Давид Маркиш - Другой
Жалоба
Напишите нам, и мы в срочном порядке примем меры.
Давид Маркиш - Другой краткое содержание
Другой читать онлайн бесплатно
Давид Маркиш
Другой
Мика Гольдштейн в Бога не верил. Верней сказать, верил, но только от времени до времени, в исключительных случаях, когда приключались с ним неприятности и ему необходимо было позарез сильное вмешательство для исправления ситуации. А когда ситуация тем или иным образом выправлялась, повеселевший Мика забывал и о невзгодах, неизвестно куда девшихся, и о Боге — до следующего раза…
Но и колючим атеистом он не был, упаси Бог! Тем более после того как большевиков прогнали и в Россию пришла свобода рука об руку с суверенной демократией, безбожие сделалось признаком дурного тона, к тому ж отнюдь не способствовавшего продвижению по службе. Население, от бандитов до первых лиц, охотно навесило на шею кресты, нередко золотые, размеру которых и лепоте позавидовал бы и сам креститель Руси князь Владимир Красное Солнышко, сидевший, рассказывают, в своё время на берегу Днепра в одном исподнем и надзиравший за очистительным погружением языческой киевской публики в проточную воду… Долго ли, коротко, а новые толерантные времена всё же пришли, и христианская вера вернулась в Россию столь же стремительно, как покинула её в семнадцатом году, когда Ленин объявил, что Бога нет. Нет, и всё тут.
Семьдесят лет спустя, сразу после отмены атеизма, раскрепощённые русские люди и прилепившиеся к ним евреи отвернулись от ступенчатой пирамиды мрачного Мавзолея с залегшим в нём Ульяновым и прямиком направились в церковь.
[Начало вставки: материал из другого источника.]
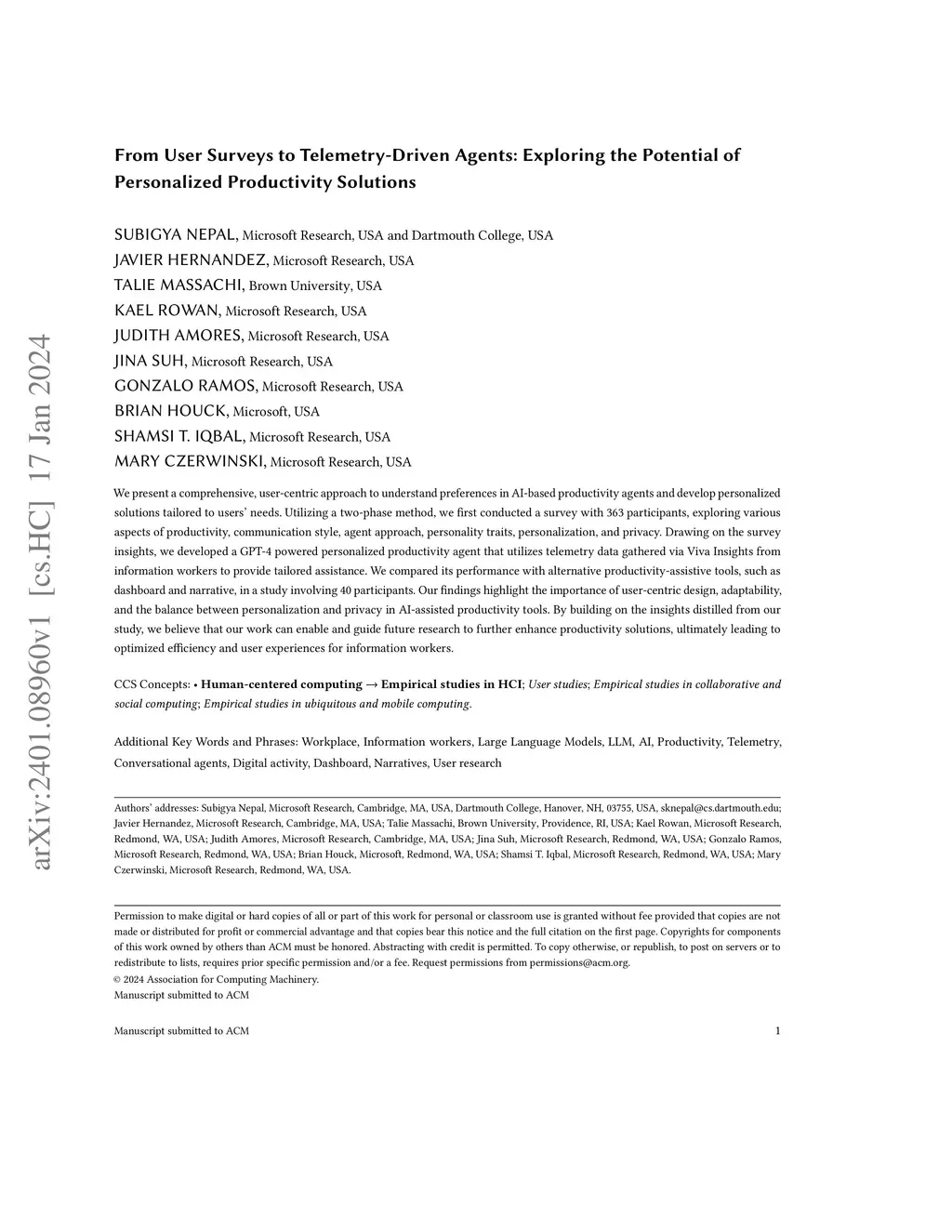 From User Surveys to Telemetry-Driven AI Agents: Exploring the Potential of Personalized Productivity Solutions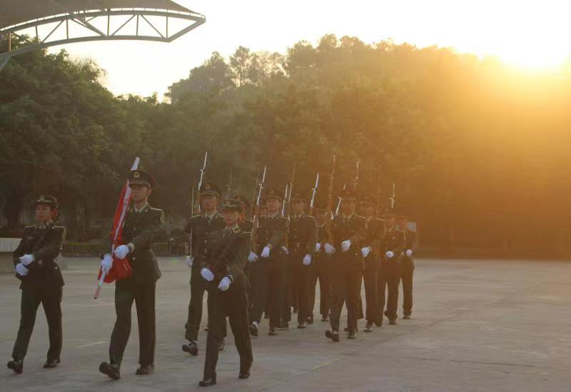 早上6:50,在铿锵有力、整齐划一的脚步声中,国旗护卫队护送五星红旗缓缓进场,升旗仪式全体师生齐唱国歌,行注目礼。升旗仪式后,学生代表林海容同学与全场师生一起进行爱党爱国学习,她朗诵了人民日报文章《百年奋斗,初心弥坚》,铿锵有力的声音迎来阵阵掌声。随后,彭聪作国旗下讲话,他从建党的开天辟地,到新中国成立的改天换地,到改革开放的翻天覆地等篇章介绍了党史,要求广大师生员工要以习近平新时代中国特色社会主义思想为指导,深入学习贯彻党的十九大精神,树牢“四个意识”,坚定“四个自信”,坚决做到“两个维护”。最后,彭聪向全体同学提出三点要求:珍爱生命,懂法守法;勤奋好学,加强锻炼;知书达理,懂得感恩,希望同学们能够珍惜在校时光,奋发图强,为祖国的繁荣建设和中华民族伟大复兴做出贡献。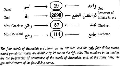 Professor Cesar Majul looked at the gematrical value of more than 400 attributes of God, and found only four names whose gematrical vaues are multiples of 19: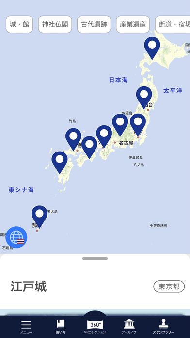 江戸城や富岡製糸場など、日本全国の史跡を40か所以上掲載しています。また小江戸甲府ぶらり散歩といった「スタンプラリー」モードもあるため、楽しく町歩きができるでしょう。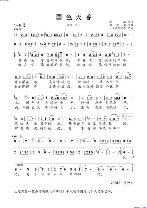 国色天香简谱(歌词)-思予演唱-一笑奈何晓斅曲谱1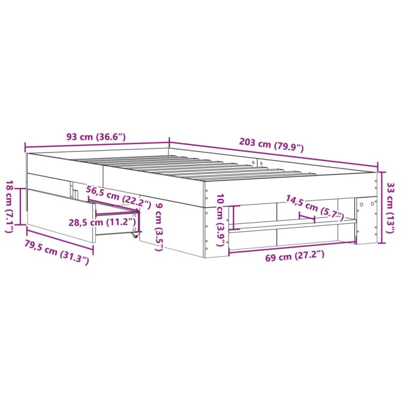 Осигурете си по-добър спокоен нощен сън с тази рамка за легло! Тя представлява приветливо допълнение към всяка спалня. Устойчив материал: Рамката на леглото е изработена от инженерна дървесина. Инженерната дървесина е с изключително качество с гладка повърхност и също така се отличава със здравина, стабилност и устойчивост на влага.Решетъчна основа за оптимална опора: Рамката на леглото е оборудвана с решетъчна основа за опора и дишане на вашия матрак.Функция за съхранение: Тази рамка за легло предлага чекмеджета и отворени отделения за поддържане на добре организирани вашите списания, книги, играчки и други малки предмети. Добре е да се знае:Към това легло не е включен матрак. Ние предлагаме разнообразна селекция от матраци. Можете да проверите нашия магазин за подходящ матрак.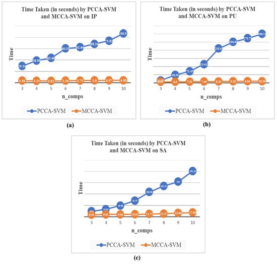Table 16 highlights the improvement in computational time of MCCA-SVM as compared to PCCA-SVM. For simplicity, No. of Components is specified as ‘n_comps’ in the Table 16. The results in Table 16 and Figure 16 have been rigorously studied and compared by varying No. of Components for all the three HSI datasets where MCCA-SVM outshines PCCA-SVM.

Там было тепло, там было красиво. Бог, подобно египетскому фараону, не лежал в ящике, в пугающей тишине мертвецкой, а глядел с расписных стен страдальческими глазами. Вежливые девушки и попы в расшитых золотом пальто пели душевные песни, горящие свечки приятно пахли, и публика проникалась надеждой: зарплату повысят, в отпуск получится съездить на море, и страшная болезнь не закогтит. И какой праздник восстановили замечательный — вместо обрыдлых юбилеев классиков марксизма-ленинизма, взамен всех этих всесоюзных Дней углекопов, доярок и ворошиловских стрелков — день рождения Иисуса Христа! Сразу за Новым годом с его подарками, Снегурками и Дед-Морозами идёт мандариновое Рождество с жареным гусём посреди праздничного стола; гудит гульба, отдых продолжается по полной программе.
Не отставали от русских и татары: на свой великий мусульманский праздник Курбан-байрам они взялись выводить баранов на улицы Белокаменной и резать их, принося в жертву Аллаху, на глазах у напуганных горожан. Да и евреи не остались в стороне от религиозного возрождения: чуткие к изменению общественного климата, они гуртом потянулись в церковь. Не все, но многие.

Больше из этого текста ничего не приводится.